Background information
- Born: Ronald Levin Carter May 4, 1937 (age 89) Ferndale, Michigan, U.S.
- Education: Eastman School of Music Manhattan School of Music
- Genres: Jazz
- Occupations: Musician; educator;
- Instruments: Double bass; cello; Piccolo bass; electric bass;
- Years active: 1959–present
- Labels: Blue Note; CTI; Embryo; Milestone; Prestige; Sunnyside;
- Formerly of: Miles Davis Quintet; The Tony Williams Lifetime; New York Jazz Quartet; The Great Jazz Trio; V.S.O.P.; Classical Jazz Quartet;
- Website: roncarterjazz.com

= Ron Carter =

American musician and composer (born 1937)

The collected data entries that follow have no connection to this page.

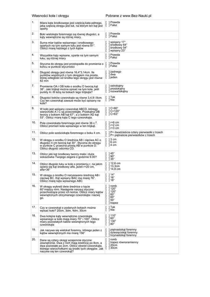 Własności koła i okręgu Pobrane z www.Bez-Nauki.pl 1. Miara kąta środkowego jest częścią kata pełnego, jaką częścią okręgu jest łuk, na którym ten kąt jest oparty [ ] Prawda [ ] Fałsz 2. Boki wielokąta foremnego są równej długości, a kąty wewnętrzne są różnej miary. [ ] Prawda [ ] Fałsz 3. Suma miar kątów wpisanego i srodkowego opartych na tym samym łuku jest równa 81°. Oblicz miarę każdego z tych kątów 4. Wszystkie kąty wpisane, oparte na tym samym łuku, są różnej miary [ [ [ [ [ [ 5. Styczna do okręgu jest prostopadła do promienia o [ ] Prawda [ ] Fałsz końcu w punkcie styczności 6. Długość okręgu jest równa 16,4*3,14cm. Ile punktów wspólnych z tym okręgiem ma prosta, której odległość od środka tego okręgu jest równa: 82 mm [ ] żadnego [ ] dwa [ ] jeden 7. Promienie OA i OB koła o srodku O tworzą kąt 38°. Jaki trójkąt można opisać na tym kole, jeśli punkty A i B leżą na bokach tego trójkąta? [ ] ostrokątny [ ] prostokątny [ ] rozwartokątny 8. Długości boków czworokąta są równe 3,4,9 i 8cm. Czy ten czworokąt zawsze może być opisany na kole? [ ] Tak [ ] Nie 9. W koło jest wpisany czworokąt ABCD, którego wierzchołki A i C są przeciwległe. Przekątna DB tworzy z bokiem AB kąt 67°, a z bokiem AD kąt 53°. Oblicz miarę kąta C tego czworokąta. [ ] C=80° [ ] C=120° [ ] C=63° 10. Pole czworokata foremnego jest równe 36 c,2. Oblicz promień koła wpisanego w ten trójkąt. 11. Oblicz pole sześciokąta foremnego o boku 4 cm. 12. W okręgu o srodku O średnica AB i cięciwa AC o długości 4 cm tworzą kąt 30°. Styczna do okręgu w punkcie C przecina prostą AB w punkcie D. Oblicz długość odcinka CD. [ [ [ [ [ [ [ [ ] r=6 cm ] r=2 cm ] r=3 cm ] P= dwadzieścia cztery pierwiastki z trzech ] P= piętnaście pierwiastków z trzech ] 3 cm ] 6 cm ] 4 cm 13. Oblicz jaki kąt środkowy tworzy mała i duża wskazówka Twojego zegara o godzinie 9.00? 14. Oblicz długośc łuku w kole o promieniu r, na jakim opiera się kąt środkowy alfa, jeżeli r=20 cm, alfa=36° [ [ [ [ [ [ ] 45° ] 90° ] 35° ] 12,6 cm ] 13,3cm ] 14,8 cm 15. W okręgu o środku O narysowano średnicę AB i cięciwę BC. Kąt wpisany BAC ma miarę 76°. Oblicz miarę kąta wpisanego ABC [ ] 14° [ ] 16° [ ] 18° 16. W okręgu wykreśl dwie średnice o kącie 60°między nimi. Następnie narysuj styczne przechodzące przez ich końce. Oblicz miary kątów wewnętrznych otrzymanego czworokąta i nazwij go. 17. Czy w czworokąt o podanych bokach można wpisać koło? 20cm, 3dm, 4dm, 30cm [ [ [ [ [ [ [ [ [ ] romb ] 120° ] 120° ] 60° ] 60° ] 50° ] trapez ] Tak ] Nie 18. Dwa kolejne kąty wewnętrzne czworokąta wpisanego w koło mają miary 70° i 100°. Oblicz miary pozostałych katów wewnętrznych tego czworokąta [ [ [ [ ] 110° ] 60° ] 130° ] 80° 19. Jak nazywa się wielokat foremny, którego jeden z kątów wewnętrznych ma miarę 156° 20. [ [ [ [ Dane są cztery okręgi wzajemnie styczne zewnętrznie. Dwa z nich mają średnicę po 8cm, a [ dwa pozostałe po 2cm. Oblicz obwód czworokąta, [ którego wierzchołkami są środki tych okręgów. Jak [ nazywa się ten czworokąt? ] wpisany 17° ] środkowy 64° ] środkowy 54° ] wpisany 23° ] Prawda ] Fałsz ] piętnastokąt foremny ] dziesięciokąt foremny ] trzynastokąt foremny ] romb ] trapez równoramienny ] 20cm ] 30cm Poprawne odpowiedzi 1. 3. 2. 4. Fałsz Fałsz 5. 7. 9. 11. 13. 15. Prawda wpisany 17°, środkowy 54° Prawda rozwartokątny C=120° P= dwadzieścia cztery pierwiastki z trzech 90° 14° 6. 8. 10. 12. 14. 16. 17. Tak 18. 19. piętnastokąt foremny 20. jeden Nie r=3 cm 4 cm 12,6 cm romb, 120°, 120°, 60°, 60° 110°, 80° romb, trapez równoramienny, 20cm
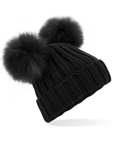 Beanie aus Kunstpelz mit doppeltem Pop-Pom
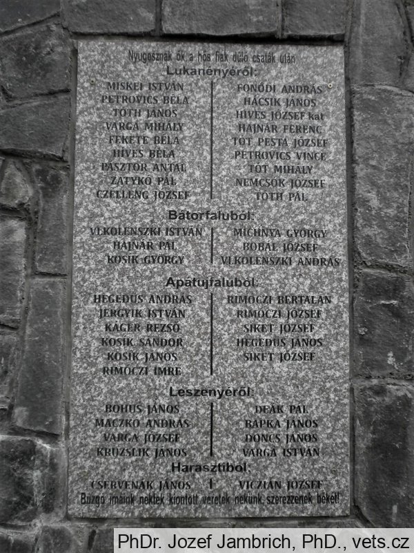 BAKOS ISTVÁN, BATTA JOZSEF, BOLBOK GYÖRGY, CVENGEL ISTVÁN, CSERNIK MIHÁLY, GYÖRGY JÓZSEF, GYÖRGY PÁL, HÍVES ISTVÁN mateka, HÍVES ISTVÁN miskei, HLAVÁCS VINCE, HÚSTYAVA
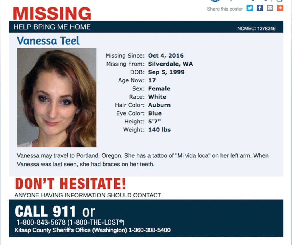 Vanessa Teel is described as a 17-year-old white female, with auburn hair and blue eyes, standing 5 feet 7 inches and weighing 140 pounds. She has “Mi vida loca” tattooed on her left arm. When she was last seen, she had braces on her teeth.
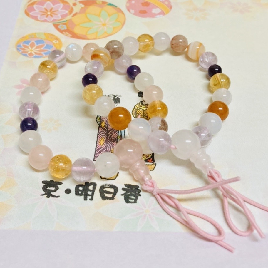 | 腕輪念珠作り体験 1名様~ ¥4,000~ R8.3月まで \4,600~ R8.4月より お念珠を簡易化したもので、魔除け厄除けのお守りにも使われる腕輪念珠。 法事で使うお念珠と違い、腕にはめることができます。 お好きな天然石でご予算に合わせてお作りいただけます。 |
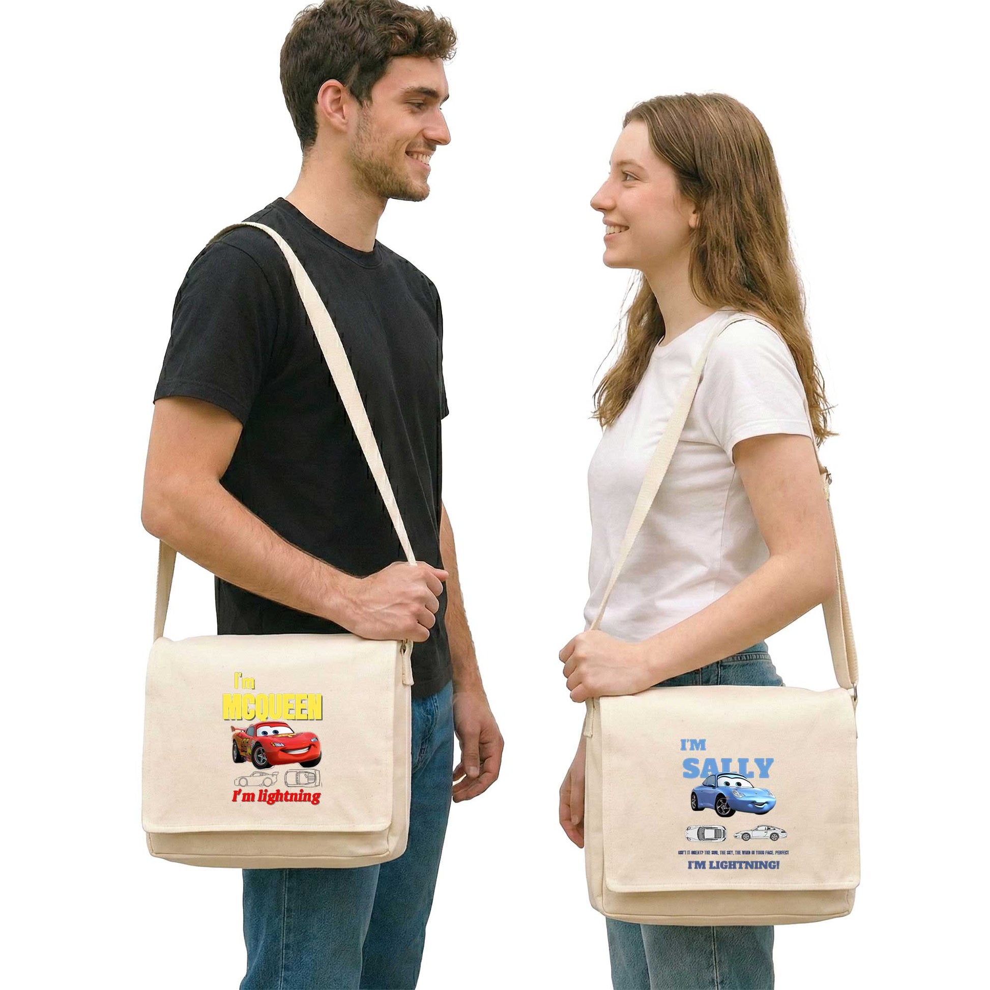 Şimşek Mcqueen and Sally Sevgili Çift Postacı Çantası Kanvas

Ronald Levin Carter (born May 4, 1937) is an American jazz double bassist. His appearances on 2,221 recording sessions make him the most-recorded jazz bassist in history. He has won three Grammy Awards, and is also a cellist who has recorded numerous times on the instrument. In addition to a solo career of more than 60 years, Carter is well-known for playing on numerous iconic Blue Note albums in the 1960s, as well as being the anchor of trumpeter Miles Davis's "Second Great Quintet" from 1963 to 1968.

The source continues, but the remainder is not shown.